指令室が発した「中高層建物火災第一出動」の指令書に基づき、徳島市西消防署からポンプ車二台、タンク車、梯子車、救助工作車各一台、徳島市東消防署からタンク車、高規格救急車各一台、消防団からポンプ車二台の計九台が出動した。

最寄りの西消防署消防隊は、火災現場から約三〇〇m手前で、マンション六階の一区画から、黒煙と多量の火炎が噴出しているのを確認したので、現場の最高指揮者は、指令室へ炎上火災であることを報告し、火災規模から延焼拡大の恐れと長時間の消火活動を要すと判断し、一九時〇〇分に指令室へ第二出動を要請した。

指令室は、「中高層建物火災第二出動」の指令を発した。

この指令書に基づき、徳島市西・東消防署から、スノーケル車、救助工作車、消防団などからポンプ車など計六台の車両が応援出動した。

現場に近づくにつれ、黒煙及び火災は激しさを増した。

現場到着時、中高層建築物(七階建てマンション)六階の一区画内が完全に炎に包まれ南側開口部から盛んに火炎を噴出していた。

指令室から「中に老女が閉じ込められている。
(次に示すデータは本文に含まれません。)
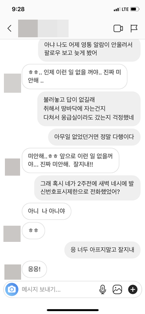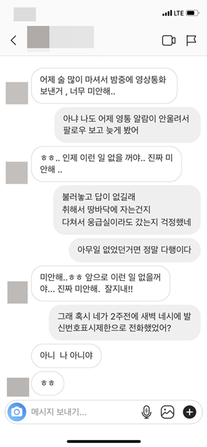 번호는 지웠는지 인스타 계정으로팔로우를 다시 하길래다이렉트 메세지함에 들어가보니친구가 아닌사람한테는 메시지 요청 1건 이렇게 뜨잖아요?거기들어가보니 영상통화 걸고 난리가 났더라구요12시 30분쯤에요 5분마다 영통걸면서 제가 안받으니까제 이름이 민지면

」との無線を受信。また、到着時の聞き込み情報から「逃げ遅れ一人」を入手したので、現場最高指揮者は、直ちに第一小隊に六階の出火室の玄関ドアが施錠されていることを想定して、エンジンカッター及び弁慶等の破壊器具を携行させ、人命検索を行うよう指示し、また第二小隊には、出火住戸東隣の南側ベランダから出火室への進入を指示した。

第二小隊が出火室への進入を試みるためベランダの仕切板を突き破った際、出火室開口部からは激しく火炎が噴出しており、その猛炎・熱気の中で避難路をたたれた老女が、仕切板付近でうずくまっているのを発見、これを救出した。
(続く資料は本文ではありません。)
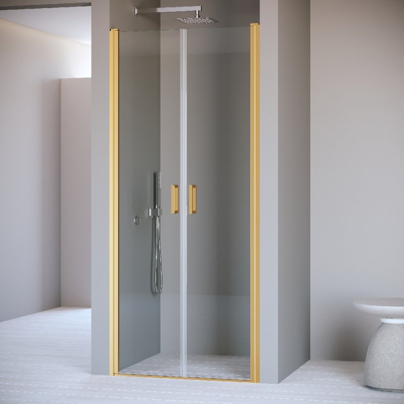 Двух створчатая маятниковая душевая дверь PA-104 с механизмом "Gravity Loop" представлена в популярных цветовых решениях: хром, черный и золото brush.

この救出した老女は、極度の興奮状態であったが、救出した隊員に「おじいさんが中にいる。」と悲痛な声で叫んだことから、現場最高指揮者は直ぐさま、この情報を玄関ドアを開放中の第一小隊に連絡するとともに、指令室へ報告、救急車の応援要請を行った。

その後、この老女は隊員二人の徒手搬送により、一階ロビーまで搬送し、先着救急車で病院へ収容した。
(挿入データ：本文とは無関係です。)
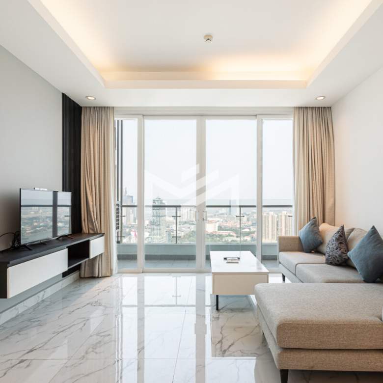 This corner unit on a high floor enjoys morning sun and stunning views of the Mekong River. The open living room extends to a balcony, creating a bright and airy space. The master bedroom features an attached bathroom with a bathtub, while the second room can serve as a study or a bedroom with a single bed.

第一小隊の救助隊員及び消防隊員は現場最高指揮者からの「要救助者あり」の情報を基に、猛炎が吹き出す中、援護注水を受けながら屋内進入を行い、玄関付近でうつ伏せ状態で倒れていた老人を発見、直ぐさま安全な場所へ救出した。

この老人は猛炎の中で逃げ遅れ、顔面、背中等に熱傷を負っていたため、毛布及びシーツ等で身体をくるみ、救助隊員等が一階ロビーまで搬送し、応援要請により現場に到着した救急車で病院へ収容した。

一方、地上の他の小隊に対しては、避難している住民に対して、逃げ遅れの確認、怪我人の有無の確認を指示するとともに、後着した各署所の小隊に水損防止を主眼とした活動を行うよう指示した。

このような防御活動の中において、今回の火災では負傷者二人を救出し、覚知から約一時間半で鎮火することができた。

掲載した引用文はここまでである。